Google's AI content advice for publishers chasing visibility
Google's engineering leadership just gave B2B publishers cover to put AI inside the editorial workflow. The brands that act on it will widen their citation lead.
Key takeaways
- Google now actively advises publishers to use AI to add value, not just tolerates it.
- AI used well improves the exact signals (clarity, structure, expertise) that drive citations in AI Overviews and Gemini.
- Multilaterals and financial services have the most to gain: authoritative content that retrieval systems currently cannot parse.
- Generic AI output still loses. Differentiation comes from editorial judgment applied to AI drafts.
What happened
Per Search Engine Journal, Google's Director of Software Engineering, Paul Haahr, told an audience at a recent industry event that publishers should use AI "in the best possible way" to add value, and that this is "something we can advise." The remark came during a discussion of how AI-generated content interacts with Google's ranking systems and AI Overviews.

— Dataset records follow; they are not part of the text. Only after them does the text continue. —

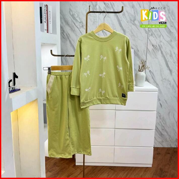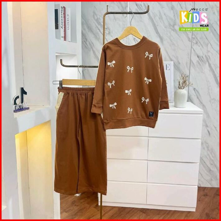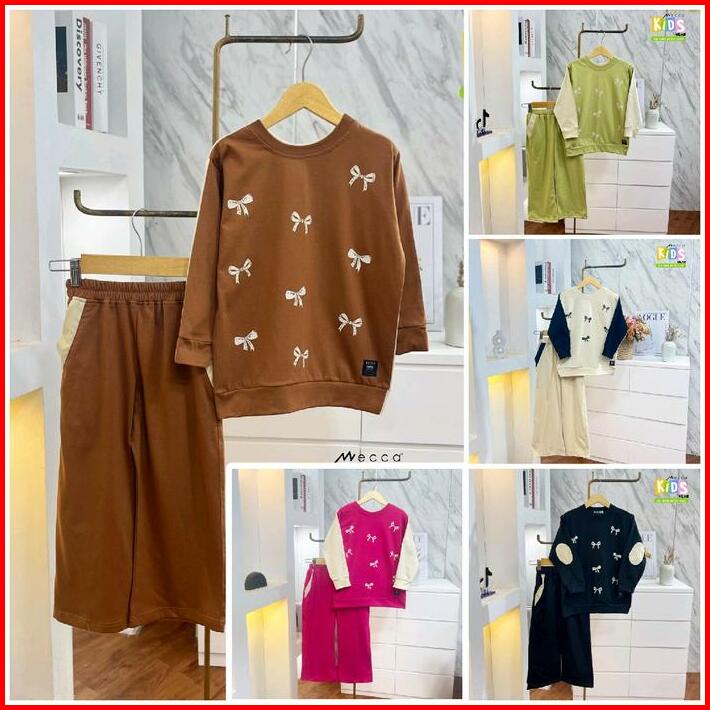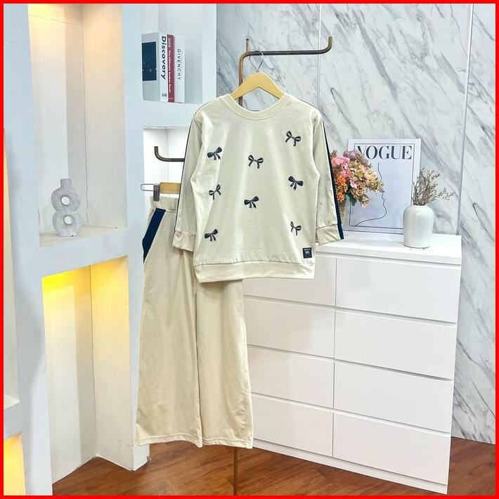 Setelan Celana Kaos Anak Twotone Oversize Motif Pita Couple Mom Kids Combed Atasan Panjang Wanita Dewasa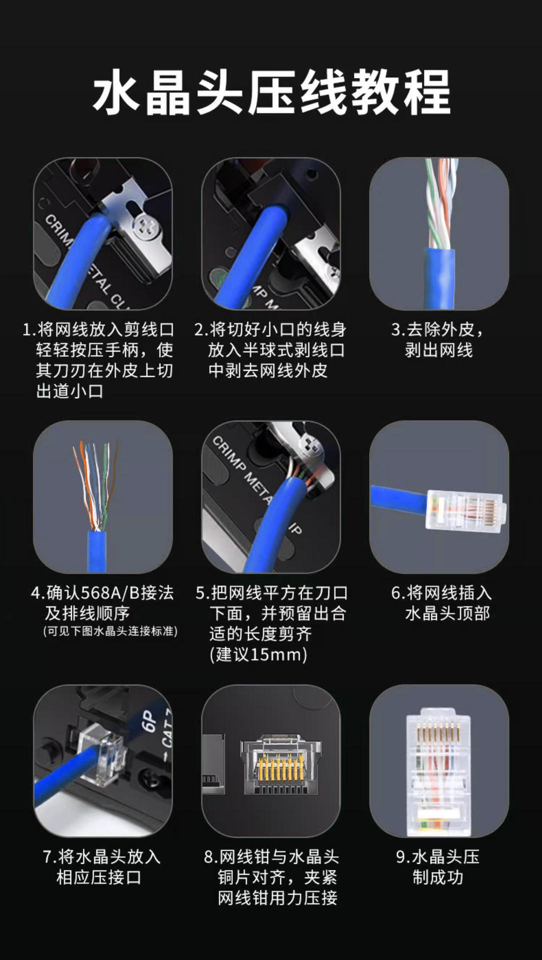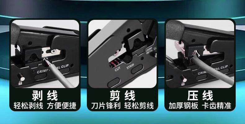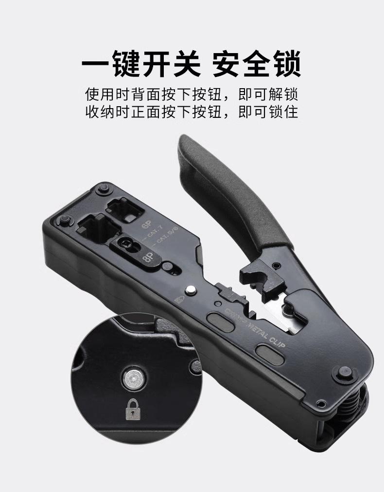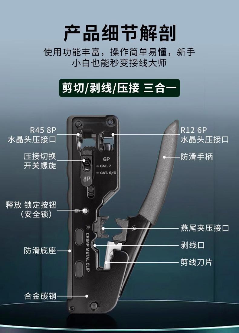 Alicate para Cabo de Rede Categoria 7, Mecânico Multifuncional de Alta Qualidade Categoria 6E Garra Rabo de Andorinha, Alicate de Crimpagem para Cabeça Cristal de Rede Passante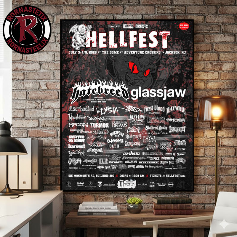 Ready to transform your space with powerful visual storytelling? Scroll up and click “Add to Cart” to make Hellfest Hardcore Festival 2026 Line Up Poster at The Dome at Adventure Crossing in Jackson NJ On July 3 4 5 2026 Poster Canvas Decor a unique centerpiece in your decor today.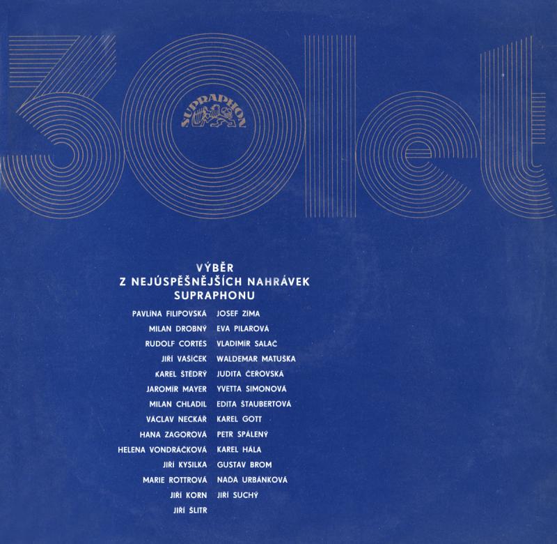 | Další informace: | Výběr z nejúspěšnějších nahrávek supraphonu. A1 –Pavlína Filipovská, Josef Zíma Nej, Nej, Nej... A2 –Milan Drobný Písnička Pro Kočku A3 –Eva Pilarová, Waldemar Matuška Ach, Ta Láska Nebeská A4 –Rudolf Cortés Váš Dům Šel Spát A5 –Vladimír Salač Píseň Pro Kristýnku A6 –Jiří Vašíček Tenkrát A7 –Pavlína Filipovská Včera Neděla Byla A8 –Waldemar Matuška A Karel Štědrý Mám Malý Stan A9 –Judita Čeřovská Je Po Dešti A10 –Josef Zíma A Jaromír Mayer Si, Si, Si Signorina A11 –Yvetta Simonová A Milan Chladil O Nás Dvou A12 –Olympic (2) Dynamit A13 –Edita Štaubertová Babičko, Nauč Mě Charleston A14 –Milan Chladil Jipi Jou A15 –Václav Neckář Svět Je Místo K Radování B1 –Karel Gott Lady Carneval B2 –Hana Zagorová Bludička Julie B3 –Petr Spálený Plakalo Bejby B4 –Helena Vondráčková Mám Ráda Cestu Lesní B5 –Waldemar Matuška Sedm Dostavníků B6 –Josef Zíma Blues Pro Tebe B7 –Karel Gott, Karel Hála A Jiří Kysilka Dívka Toulavá B8 –Gustav Brom Pozdrav Astronautovi B9 –Karel Hála Lodí Bílou B10 –Marie Rottrová Lásko B11 –Karel Gott C'est La Vie B12 –Naďa Urbánková Gondola B13 –Jiří Korn Yvetta B14 –Eva Pilarová Rodeo B15 –Jiří Suchý & Jiří Šlitr Babetta Backing Vocals – Sbor Lubomíra Pánka* (tracks: A1, A6, A14, A15, B9, B12), Sbor Divadla Semafor (tracks: A2), Kvinteto Divadla Semafor* (tracks: A3) Band – Apollobeat, Plameňáci*, Olympic (2) Conductor – J. Vobruba* Cover – Jitka Špačková Engineer [Zvuková Režie] – Jan Chalupský Orchestra – Taneční Orchestr Čs. Rozhlasu*, Orchester F. Havlíka*, Orchestr G. Broma*, Orchestr K. Vacha*, Orchestr Divadla Semafor, Orchestr J. Spáleného*, Orchetstr Polydoru* Recording Supervisor [Hudební Režie] – Mojmír Balling Technician [Technická Spolupráce] – Jiří Rohan |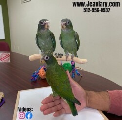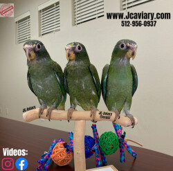 Accepting reservations on these adorable White capped pionus babies. They are currently being hand-fed and fully trained by us as well. They will be on a healthy diet of organic pellets and vegetables. All our babies are sweet and very socialized. Please see our website for detailed info! For all inquiries please call-- 512-956-0937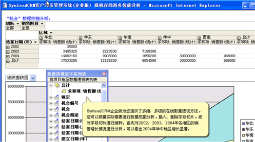 可以利用SynleadCRM企業(yè)版提供的在線聯(lián)機分析工具實現(xiàn),也可以導(dǎo)出到EXCEL中,利用EXCEL的有關(guān)功能實現(xiàn)。OLAP在線聯(lián)機分析,屬于商業(yè)智能BI的組成部分之一,它允許您對數(shù)據(jù)進行任意的上鉆、下鉆,旋轉(zhuǎn)、切片、切塊,得到更豐富的、更有價值的圖表和報表。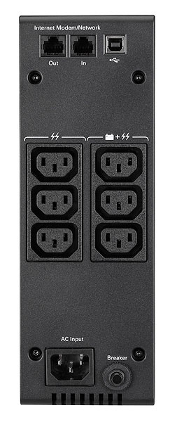 Výstupní přípojky: (3) IEC-320-C13, (3) IEC-320-C13 surge only

Haahr's framing is a notable shift in tone. Google spent two years telling publishers it does not penalise AI content per se, only low-quality content. Now a senior engineer is going further: use AI to make the work better, and Google will treat that as a positive signal. The implicit message is that AI assistance, applied well, is becoming the expected baseline, not a risk to manage.
The advice sits inside a broader question publishers keep asking: what does Google actually want when its own answer engine is ingesting their pages to generate AI Overviews and feed Gemini?
Why it matters for your brand
For B2B brands, this is permission to stop treating AI in the editorial workflow as a liability and start treating it as a quality lever. That matters more than it sounds. Most large enterprises, multilaterals, and policy institutions we work with still operate under internal guidelines that effectively discourage AI in content production, written when the reputational risk of a hallucinated stat outweighed the productivity gain. Those guidelines are now out of step with how the platform doing the ranking thinks about the work.
The practical implication for visibility in AI search: Google's AI Overviews and Gemini cite pages that demonstrate expertise, structure, and clarity. AI used well, for outlining, fact-checking against primary sources, tightening prose, generating structured summaries, improves all three. AI used badly, for generating undifferentiated bulk, hurts all three. The gap between brands that figure out the first pattern and brands stuck on the second will widen quickly.
For financial services, the calculation is specific. A global bank's research function publishes hundreds of market notes a year. Most never rank, and almost none get cited in AI answers, because they read like internal memos pushed onto a CMS. AI-assisted editing that adds clear definitions, structured takeaways, and explicit comparisons to prior periods would not dilute the analyst's voice; it would make the page legible to the retrieval layer. The same logic applies to insurer thought leadership and asset manager outlooks.
For multilaterals and the UN system, the constraint is different but the opportunity is larger. UNDRR, World Bank groups, OECD: these organisations sit on enormous volumes of authoritative research that LLMs already trust. The bottleneck is surface area and structure, not credibility. AI-assisted production of explainers, FAQ layers, and translated executive summaries is the fastest way to multiply citation surface without diluting the underlying work. Google's signal here removes the last institutional excuse to not do it.
For major industrial groups and philanthropic institutions, the play is reformatting. Annual reports, sustainability disclosures, and policy white papers are written for regulators and boards, not retrieval. AI can convert them into the question-shaped content that AI Overviews actually pull from, without rewriting the underlying claims. A Holcim sustainability metric or a Gates Foundation programme outcome buried on page 47 of a PDF is invisible to Gemini. The same fact, surfaced as a structured answer to "how much has X reduced Y since 2020," is citable.
The risk that remains: Google did not say AI content is safe. It said AI used to add value is advisable. Brands that read this as a green light to scale generic output will lose visibility, not gain it. The differentiation will come from how editorial judgment is applied to AI drafts, not from whether AI is in the workflow at all.
The signal in context
This is the third major signal in 2024 to 2025 that the platforms shaping AI search have shifted from "AI content is suspicious" to "AI content is fine, quality is what we measure." OpenAI's content partnerships with publishers, Anthropic's expanding citation behaviour in Claude, and Google's repeated clarifications on its helpful content system all point the same direction. The competitive question for brands is no longer whether to use AI in production. It is whether the resulting work is better, more structured, and more citable than what competitors are producing with the same tools.
The brands that will win visibility in LLM answers over the next 18 months are the ones rebuilding their content operations around two questions: does this page answer a real question better than anything else on the open web, and is it structured so a retrieval system can extract the answer cleanly. AI is the production lever that makes both feasible at scale. Google's engineering leadership now saying so out loud is the cover that internal teams have been waiting for.